Puisne Justice of the Supreme Court of Sri Lanka
- In office 1970–1980

Personal details
- Born: 12 October 1915
- Died: 25 October 1997 (aged 82) Noble Park, Victoria, Australia
- Alma mater: Jaffna Central College St. Thomas' College Ceylon University College Ceylon Law College
- Profession: Lawyer
- Ethnicity: Sri Lankan Tamil

= Vincent Thamotheram =

Sri Lankan judge

Vincent Thambinayagam Thamotheram (12 October 1915 – 25 October 1997) was a Sri Lankan lawyer, judge and writer. He was a crown counsel, Commissioner of Assize and Supreme Court judge.

==Early life and family==
Thamotheram was born on 12 October 1915. He was the son of Gate Mudaliyar N. N. Thamotheram. He was educated at Jaffna Central College
St. Thomas' College. After school he entered Ceylon University College and graduated with a BA degree. He then joined Ceylon Law College and passed out as an advocate.
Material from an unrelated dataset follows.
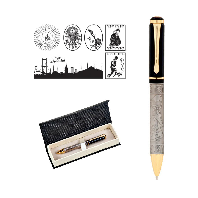 • Kabartma figürlü, şık metal tükenmez kalem seti
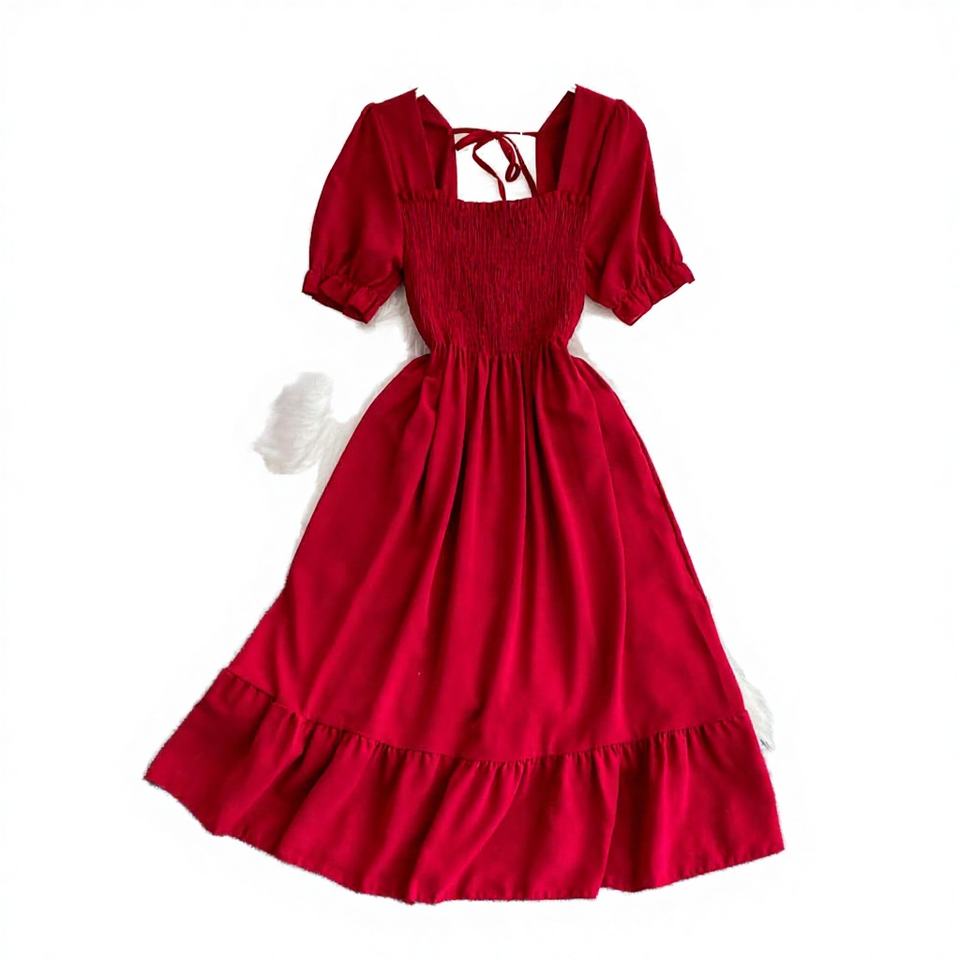 เดรสทรงเอไลน์ผ้าทอเนื้อนุ่มระบายอากาศดี คอปกสี่เหลี่ยม แขนสั้น สไตล์ลำลอง เอวทรงเอ็มไพร์ แต่งระบาย ใส่สบายในช่วงฤดูร้อน เป็นมิตรต่อสิ่งแวดล้อม

Thamotheram married Baladevi, daughter of Kanagasabai. They had a son, Nirmal Nandakumar, and three daughters, Vasantha, Chandira and Manjula.

==Career==
Thamotheram was called to the bar in 1942. He joined the Attorney-General's Department. He was a crown counsel from 1944 to 1968. He acted as Solicitor General. He was also appointed Commissioner of Assize. He was appointed Supreme Court judge in 1970. He served on the Judicial Service Commission. He retired in 1980.

==Later life==
After the Black July riots that killed thousands of Sri Lankans, Thamotheram moved to Australia in 1983. He was called to the bar in Australia in 1984.

Thamotheram died in Noble Park, Victoria on 25 October 1997, at the age of 82.